> **Exercise description**
Below is a block of entries; repeat exactly the lines starting at the line that contains "Корпус вертлюга (1)" and ending at the line that contains "Le Creuset Stoneware", both included.
** Opening Information provided block **
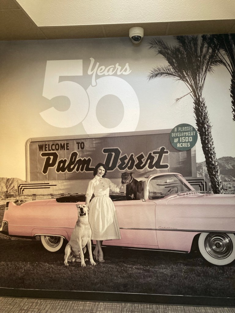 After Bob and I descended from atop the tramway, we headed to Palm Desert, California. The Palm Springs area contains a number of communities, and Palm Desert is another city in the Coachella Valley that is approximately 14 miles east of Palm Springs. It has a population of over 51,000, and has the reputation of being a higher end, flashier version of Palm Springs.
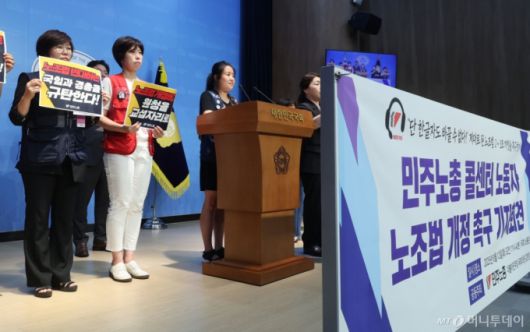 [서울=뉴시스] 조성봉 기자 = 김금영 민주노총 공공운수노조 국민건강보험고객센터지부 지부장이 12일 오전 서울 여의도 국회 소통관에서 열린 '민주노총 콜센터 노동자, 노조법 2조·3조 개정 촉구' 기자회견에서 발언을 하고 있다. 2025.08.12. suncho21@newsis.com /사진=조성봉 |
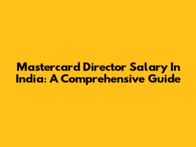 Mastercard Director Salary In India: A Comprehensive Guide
** Closing Information provided block **
** Opening Information provided block **
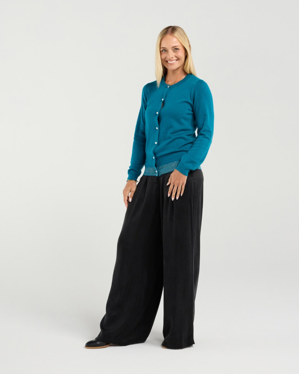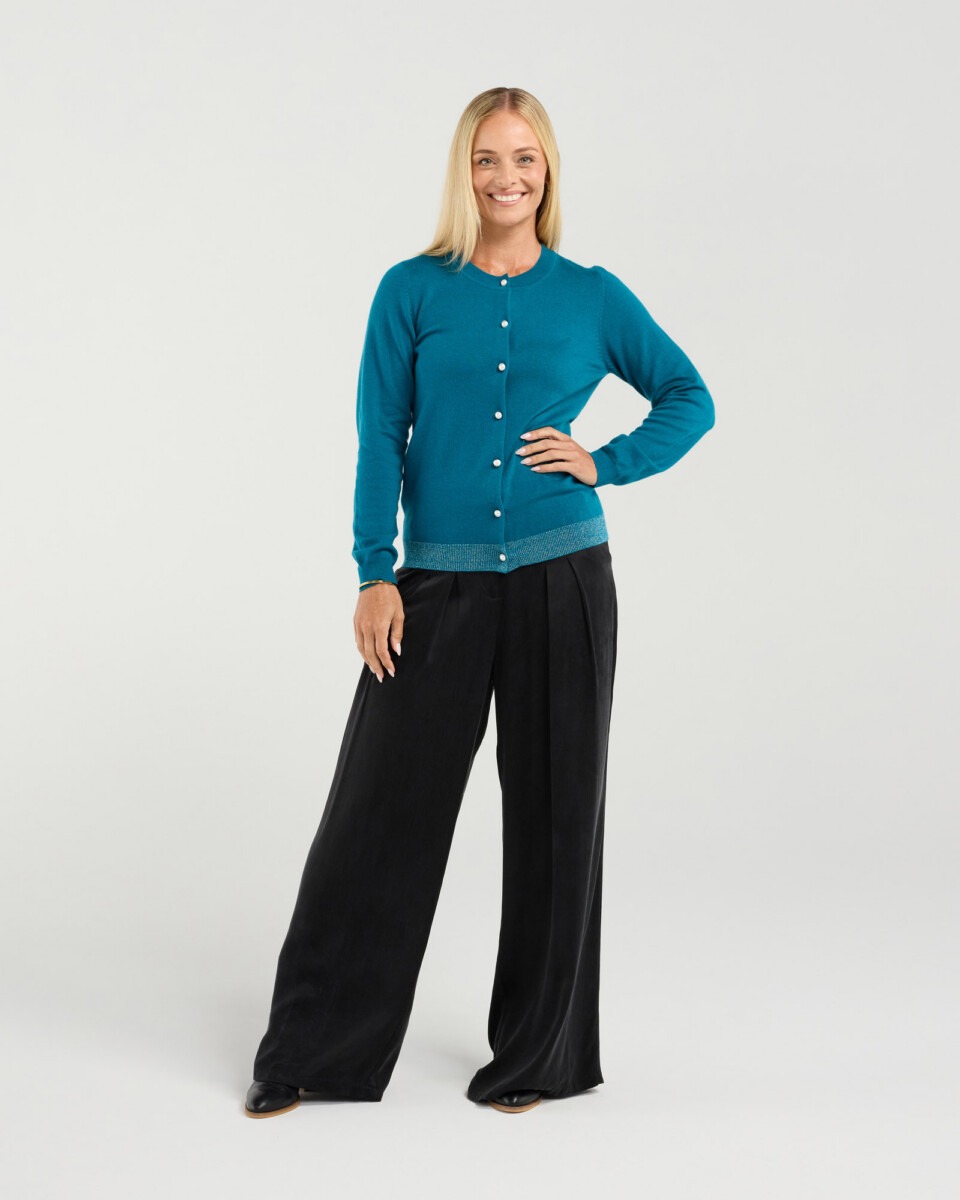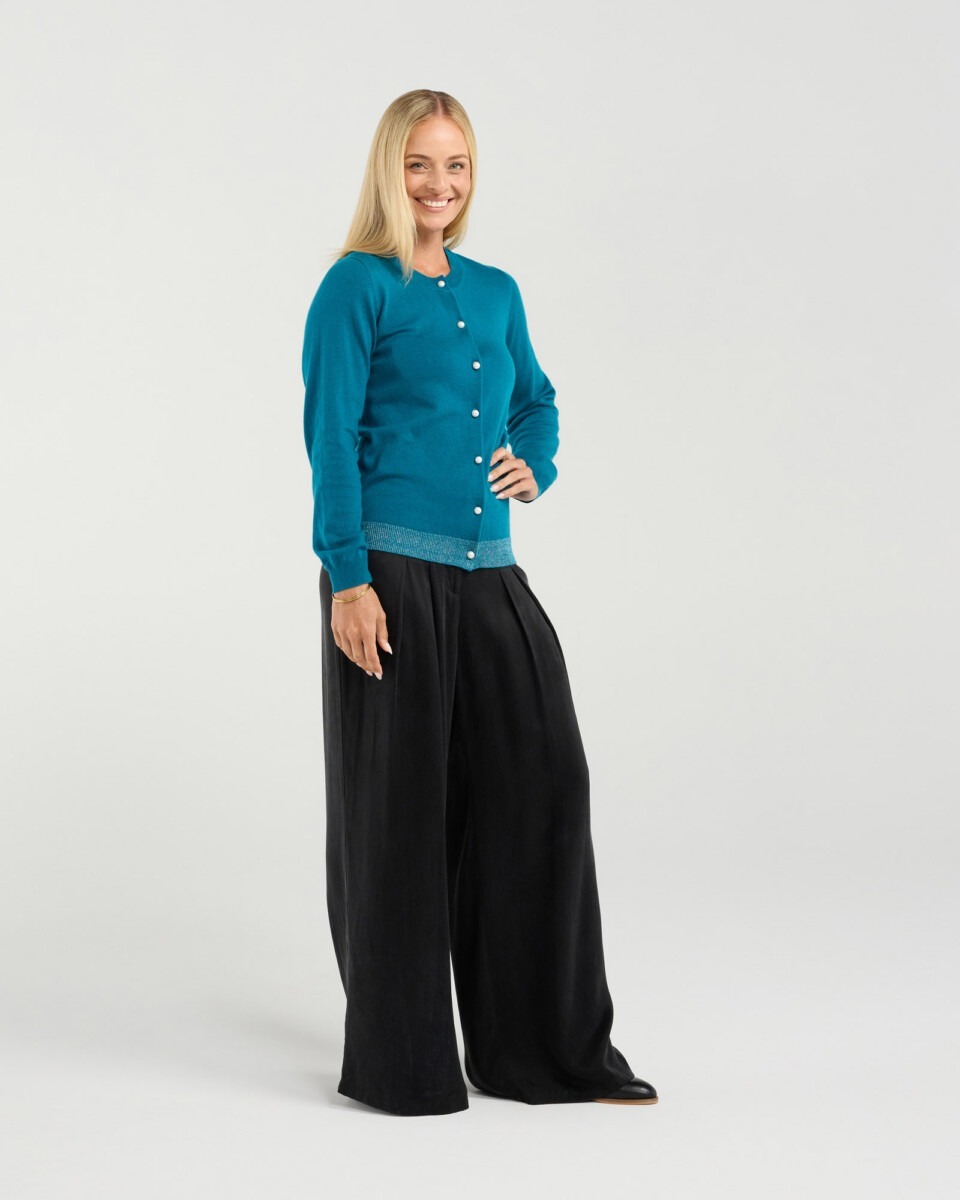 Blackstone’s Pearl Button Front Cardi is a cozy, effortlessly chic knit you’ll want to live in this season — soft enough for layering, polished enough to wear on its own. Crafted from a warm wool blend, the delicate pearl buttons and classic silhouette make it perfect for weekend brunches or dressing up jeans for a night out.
** Closing Information provided block **
** Opening Information provided block **
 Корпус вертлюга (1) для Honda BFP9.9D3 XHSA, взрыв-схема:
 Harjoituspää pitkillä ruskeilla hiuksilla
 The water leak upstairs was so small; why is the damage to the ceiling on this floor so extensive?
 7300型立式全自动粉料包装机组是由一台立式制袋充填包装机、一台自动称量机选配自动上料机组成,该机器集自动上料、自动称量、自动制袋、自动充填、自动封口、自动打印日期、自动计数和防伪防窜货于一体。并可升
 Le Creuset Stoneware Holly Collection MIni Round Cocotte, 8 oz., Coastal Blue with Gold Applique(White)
** Closing Information provided block **
> **Task answer**
 Корпус вертлюга (1) для Honda BFP9.9D3 XHSA, взрыв-схема:
 Harjoituspää pitkillä ruskeilla hiuksilla
 The water leak upstairs was so small; why is the damage to the ceiling on this floor so extensive?
 7300型立式全自动粉料包装机组是由一台立式制袋充填包装机、一台自动称量机选配自动上料机组成,该机器集自动上料、自动称量、自动制袋、自动充填、自动封口、自动打印日期、自动计数和防伪防窜货于一体。并可升
 Le Creuset Stoneware Holly Collection MIni Round Cocotte, 8 oz., Coastal Blue with Gold Applique(White)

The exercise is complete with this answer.